[[ Information provided, beginning ]]
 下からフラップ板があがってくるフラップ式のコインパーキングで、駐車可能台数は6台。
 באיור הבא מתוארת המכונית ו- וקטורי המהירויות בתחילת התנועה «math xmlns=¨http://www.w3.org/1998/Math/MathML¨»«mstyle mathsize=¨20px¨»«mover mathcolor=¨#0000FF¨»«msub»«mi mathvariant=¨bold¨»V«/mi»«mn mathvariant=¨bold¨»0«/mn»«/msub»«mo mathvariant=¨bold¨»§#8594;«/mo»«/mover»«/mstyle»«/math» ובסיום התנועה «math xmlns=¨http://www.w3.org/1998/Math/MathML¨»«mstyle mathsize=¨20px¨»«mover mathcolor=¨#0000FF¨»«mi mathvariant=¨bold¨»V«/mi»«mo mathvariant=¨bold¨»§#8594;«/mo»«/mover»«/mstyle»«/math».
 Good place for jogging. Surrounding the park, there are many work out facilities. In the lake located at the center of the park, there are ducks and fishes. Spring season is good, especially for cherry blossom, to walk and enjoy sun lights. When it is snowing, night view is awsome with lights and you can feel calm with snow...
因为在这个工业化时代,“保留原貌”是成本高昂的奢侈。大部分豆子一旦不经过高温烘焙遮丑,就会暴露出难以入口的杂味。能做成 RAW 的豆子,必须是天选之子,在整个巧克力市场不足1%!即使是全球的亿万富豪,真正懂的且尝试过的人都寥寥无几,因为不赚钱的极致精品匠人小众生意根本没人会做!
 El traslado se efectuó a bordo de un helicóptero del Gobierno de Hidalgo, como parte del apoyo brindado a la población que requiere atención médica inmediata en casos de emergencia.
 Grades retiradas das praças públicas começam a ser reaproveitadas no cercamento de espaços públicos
[[ Information provided, end ]]
● **Try it**:
The expected answer is an exact copy of the lines beginning at the one with "El traslado se" and running to the end of the entries above.

● **Response area**:
 El traslado se efectuó a bordo de un helicóptero del Gobierno de Hidalgo, como parte del apoyo brindado a la población que requiere atención médica inmediata en casos de emergencia.
 Grades retiradas das praças públicas começam a ser reaproveitadas no cercamento de espaços públicos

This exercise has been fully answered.